For example, consider an automated test system that comprises a plurality of processing stations consisting of an incubator and two liquid handlers. Such an automated test system would typically also include a robotic arm, under the control of a computer, that moves samples between and among the incubator and the two liquid handlers.
Automated laboratory test systems also often incorporate multiple-well containers to store and transport test samples. Multiple-well containers are useful because in such testing, pluralities of samples are often processed in a substantially similar manner. The use of a multiple-well container allows several samples to be processed together and moved together from one processing station of an automated test processing system to another. For example, a commonly used multiple-well container is a ninety-six well microplate, which allows up to ninety-six samples to be moved and processed together.

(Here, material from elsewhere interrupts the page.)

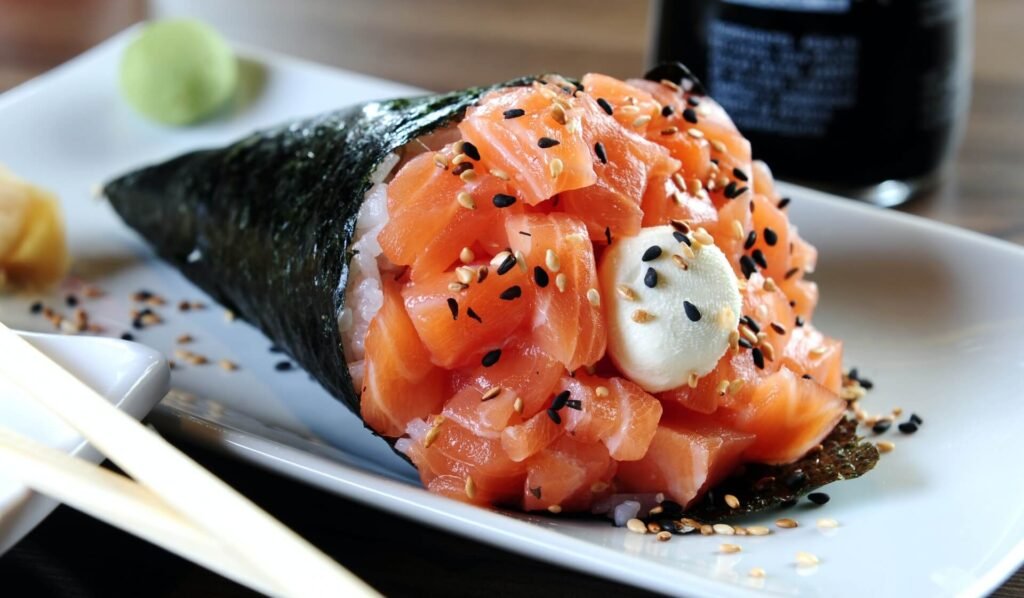 O temaki tradicional foi reinventado no Brasil com a adição de manga, cream cheese e, às vezes, até gergelim torrado. Essa combinação agridoce reflete a criatividade brasileira ao misturar texturas e sabores. A manga traz frescor e dulçor, enquanto o cream cheese adiciona uma cremosidade que contrasta perfeitamente com o arroz temperado e a alga crocante.

While automated laboratory test systems are capable of nearly fully automating such tests, human intervention is often required in at least some processes. The most significant processing operation that typically requires human intervention is the container sealing, or plate sealing operation. Multiple-well containers, as well as other containers, must often be stored for some time period after the laboratory process is complete. In order to prevent contamination of the samples during this storage time, it is often desirable to cover and seal the container openings. Human intervention is typically required to seal the containers for storage.
Prior attempts have been made to automate the container sealing process. A prior art device developed by Sagian, Inc., assignee of the present invention, comprises an automated container sealing device that uses sealing tape to seal the containers. The device automatically dispenses tape having a width corresponding to the width of the container. The tape is dispensed until a length of tape covers the container. The device then employs a cutting mechanism to cut the sealing tape to fit the container. The tape is then further advanced in order to seal the next container.
While the above describe device fulfilled a need for an automated container sealer, the device was at times unable to obtain the level of reliable operation required of automated equipment. In particular, the automated advancement of and positioning of the tape itself was at times prone to misfeed, which would require human intervention to correct.
There exists a need, therefore, for a resilient container sealing device that further addresses the need for automated container sealing in an environment that requires extremely high levels of reliable operation.